Od teraz Biecz ma nie tylko dworzec, ale też całe centrum przesiadkowe – są miejsca, by zostawić samochód, rower. Jest zajezdnia autobusowa, poczekalnia dla podróżnych. Czas oczekiwania na pociąg czy autobus można sobie będzie umilić i obejrzeć wystawę kolejowych pamiątek.
- Infrastruktura pozwoli na skrócenie czasu podróży.
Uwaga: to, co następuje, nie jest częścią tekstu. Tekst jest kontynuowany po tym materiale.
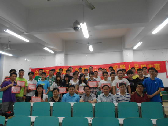 、电子科学与应用物理学院、软件学院、生物与食品工程学院、材料科学与工程学院、资源与环境工程学院等6个学院的200多名同学组成的110支队伍参加,经审核赛选后有82支队伍获得了最后参赛的权利。在仿真2D组冠亚军决赛中,BlancM队与Weiqiang展开了激烈的争夺。上半场双方战成1:1平;下半场,开始时双方各进一球,战成2:2平;最后,关键时刻Weiqiang队破门得分,以总比分3:2赢得本次比赛的冠军。最终张卫强、吴亚伟、王鑫等同学获得一等奖;宗华、张震、王彬等同学获得二等奖;关梦璐、朱恪杉、胡彪、张杰等同学获得三等奖。创新学院副院长吴文涛、学工部副部长葛万峰、计算机学院团委书记郑召丽等领导到场观摩指导并参加了最后的颁奖仪式。
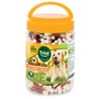 Кальцинированные косточки с курицей – это полезное угощение для профилактики зубного камня, здоровья структуры костных тканей и обеспечения функциональности кровообращения, обогащенное кальцием, фосфором и железом. Косточки расфасованы в пластиковые банки, благодаря чему потребитель может выбрать: покупать целую банку или поштучно. Банку с эргономичной ручкой удобно хранить и легко транспортировать. Вес нетто 450г. В банке 85-90 косточек.
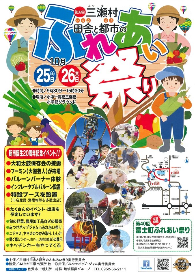 バルーンバーナー体験、働く車(パトカー、白バイ、消防自動車)展示、ニジマス・ヤマメのつかみ取り、新米すくい、しし汁、もち配り、みつせポップジャムinふれあい祭り、キッチンカー、特設ブース(市名産品・海産物等)の設置、旬の野菜・農産加工品販売など、楽しいイベント・出店が盛りだくさんです。
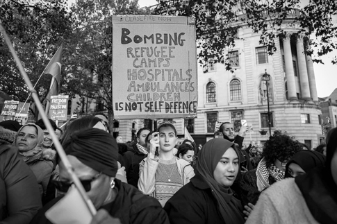 A pro-Palestinian protest in London, a week after Hamas murdered 1,200 people in southern Israel and took more than 250 others hostage into the Gaza Strip, on Nov. 4, 2023. Credit: Alisdare Hickson/Flickr via Wikimedia Commons.

Mieszkańcy Biecza, a także okolicznych miejscowości będą mogli dotrzeć do dworca własnym samochodem lub rowerem, pozostawić go w bezpiecznym miejscu i kontynuować podróż pociągiem- mówił podczas oficjalnego oddania inwestycji marszałek Witold Kozłowski. - Jednocześnie poprawią się warunki turystyczne, co pozytywnie wpłynie na rozwój lokalnych przedsiębiorstw – stwierdził również.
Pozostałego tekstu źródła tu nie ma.